I was at the meeting reported by the BBC thus:

"If someone had said just five years ago that black, white, young and old, straight and gay, liberal and anarchist would all be standing together giving a standing ovation to a police commander in Brixton, people might have said they had smoked one spliff too many. But there they were - the kind of cross-community gathering local politicians would give their right arm for..." 

... and I also collected signatures for the petition in support of Paddick. As the BBC reported there was cross-community support.

Friz - I resent the implication that Paddick supporters are "lemmings". I am quite capable of thinking intelligently for myself and do. My support for Paddick was not unconditional, it was based on a rational assessment of him and his ideas.

I notice that my posts earlier in this thread aren't countered, perhaps that's because I'm talking sense.


----------



## editor (Dec 7, 2002)

*Anarchists support Brian Paddick?*



> _Originally posted by elia canetti _
> *Talking about representation, when was it decided and by
> whom [Mike Slocombe?] that anarchists support Brian Paddick.*


Exactly where are you getting this bullshit from?
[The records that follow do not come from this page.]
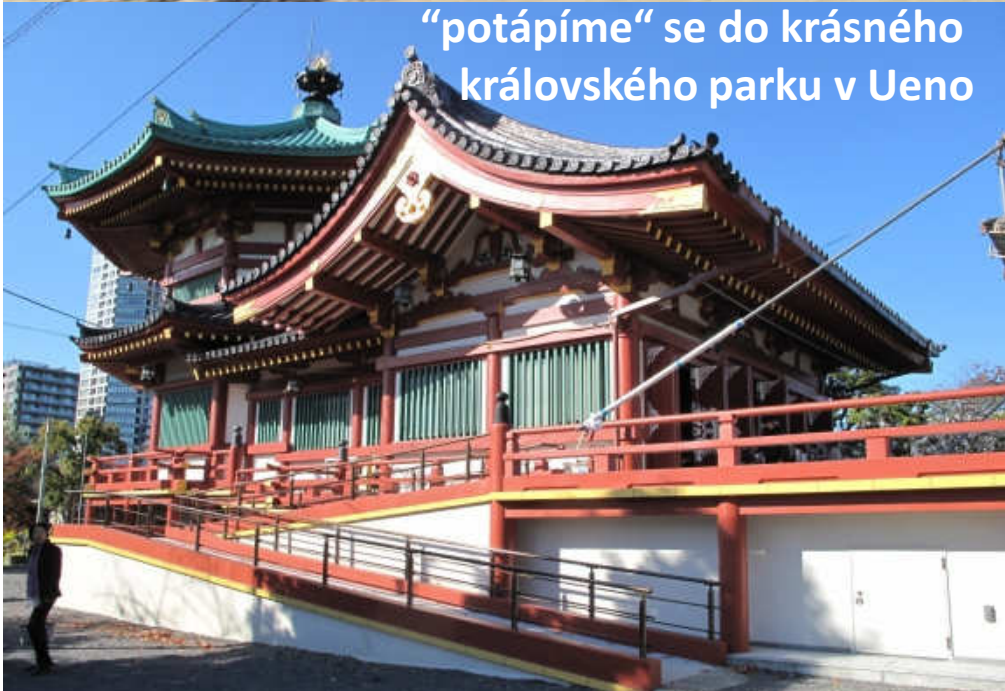
“potápíme” se do krásného královského parku v Ueno
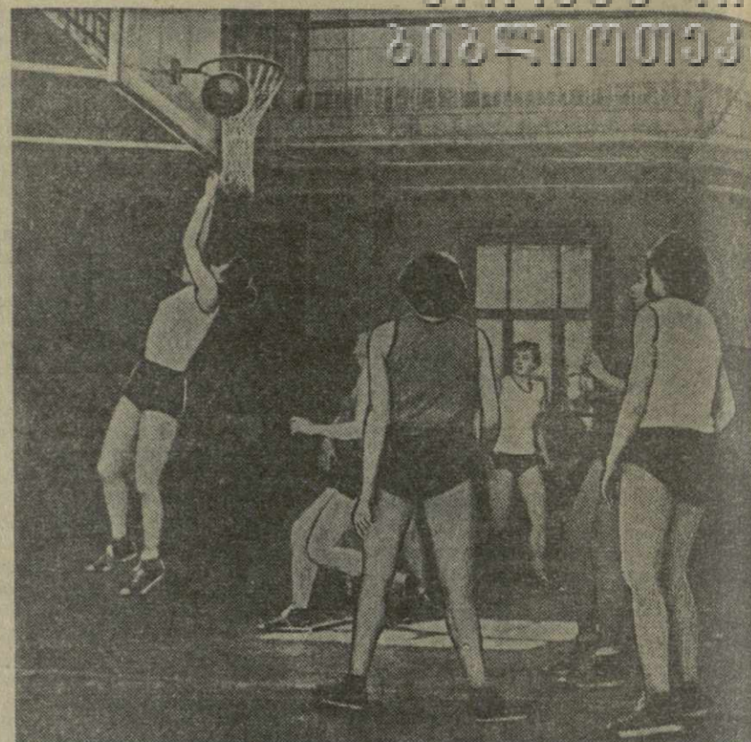
В Тбилиси находятся мужские и женские сборные команды баскетболистов Чехословацкой Республики.

Приезд чехословацких спортсменов в Тбилиси вызывает большой спортивный интерес. Сборные женские и мужские команды Чехословакии являются одними из постоянных претендентов на звание чемпиона Европы.
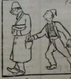
بانیگیک و نغمه
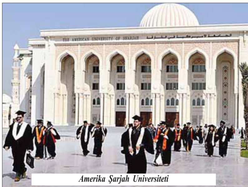
Amerika Şarjah Universiteti
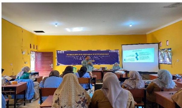
Gambar 2. Penyampaian Materi oleh Tim Pengabdian

Sebelum pemaparan materi workshop, para peserta diminta untuk mengisi google form terkait dengan pengetahuan dan pengalaman guru dalam menulis KTI. Selanjutnya, pada pertemuan ini tim PkM memaparkan materi tentang contoh-contoh karya tulis ilmiah beserta cara menulisnya yang baik dan benar. Perumusan jenis artikel, bagian-bagian artikel dan contoh gaya selingkung masing-masing jurnal untuk publikasi artikel. Kegiatan-kegiatan diuraikan secara rinci setiap bulan, kemudian diadakan evaluasi, sehingga dapat diketahui kegiatan yang telah dilaksanakan maupun yang belum terlaksana. Pada akhir kegiatan akan diketahui secara pasti tentang target kegiatan yang telah dicapai.

Do you actually read what gets posted here or do you just make it up to show what a clueless, cowardly twat you are?

Firstly: who the fuck are you? You keep name-checking me, so why don't you level the playing field and reveal your own name - or are anonymous, spineless snipes the best you can manage?

Secondly, what the fuck are you on about with all this 'anarchist' shit?

No one here has ever declared themselves a spokesperson for 'the anarchists' - least of all me - and no one has ever been so stupid as to declare that 'all anarchists support Paddick'.

So where are you getting this shit from? Some shitty tabloid paper? 

Can't you think for yourself?


----------



## Gerry1time (Dec 7, 2002)

As an occasional U75 poster and long time lurker, i can't believe that a thread like this has disappeared into non related and bitchy arguments between people.

From an internet and  encouraging true democracy point of view, Brian posting his resignation letter just as a thread, and  letting anyone anywhere respond is not a bad thing, to say the least. Who else EVER does that these days?

I couldn't care less if he were lib dem, tory or labour (trade union, socialist or new), pro anarchist/ anti anarchist/ guardian reading anarchist. He's published his resignation letter to people who will be affected by it, with the whole world watching...

For that, on a human being to human being level, he gains my deepest respect...

He also seemed to do a lot of good work in his area. Which surely is the best test of someone in their job?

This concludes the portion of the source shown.